Skipper increases network observability for developers and operators alike.

Sandor Szücs

In my previous article, I introduced Skipper, an open source HTTP router and reverse proxy for service composition. This article focuses on how Skipper increases network visibility and describes its advantages for both developers of scalable applications and operators of the infrastructure they run on.

What is network visibility?

As an HTTP routing provider, Skipper wants to provide visibility to application developers. At e-commerce retailer Zalando, our developers in feature teams want to monitor their systems to understand failure rates (%), throughput (request per second, or RPS), and latencies (e.g., p50, p99, p999). Skipper library users who want to instrument their custom proxies can use Skipper’s metrics package to instrument their proxies and create custom metrics.

Operators need observability to understand how the system behaves in general and at certain points in time, so they’re ready when someone asks, “What happened yesterday at 2:30am?” or “How would this request be processed?” Skipper can help answer these questions by increasing backend applications’ visibility.

Metrics

Skipper exposes response latencies, RPS throughput, and OK and failure rates for routes and aggregated routes.

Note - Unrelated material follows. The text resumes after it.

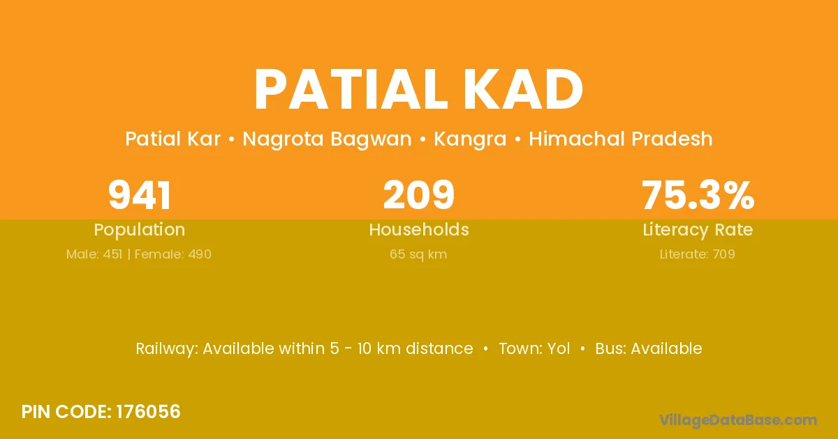 Patial Kad village has a total population of 941 people, of which 451 are males and 490 are females.

These are the basic signals that application owners need to get alerts on, so they can take action as needed.

Skipper can serve different application metrics depending on your needs. Metrics can be collected by Host header or by route. If you start Skipper with -serve-host-metrics, you can collect and expose metrics grouped by Host header. If you need more details, you can use -serve-route-metrics to split metrics by route, status code, and method.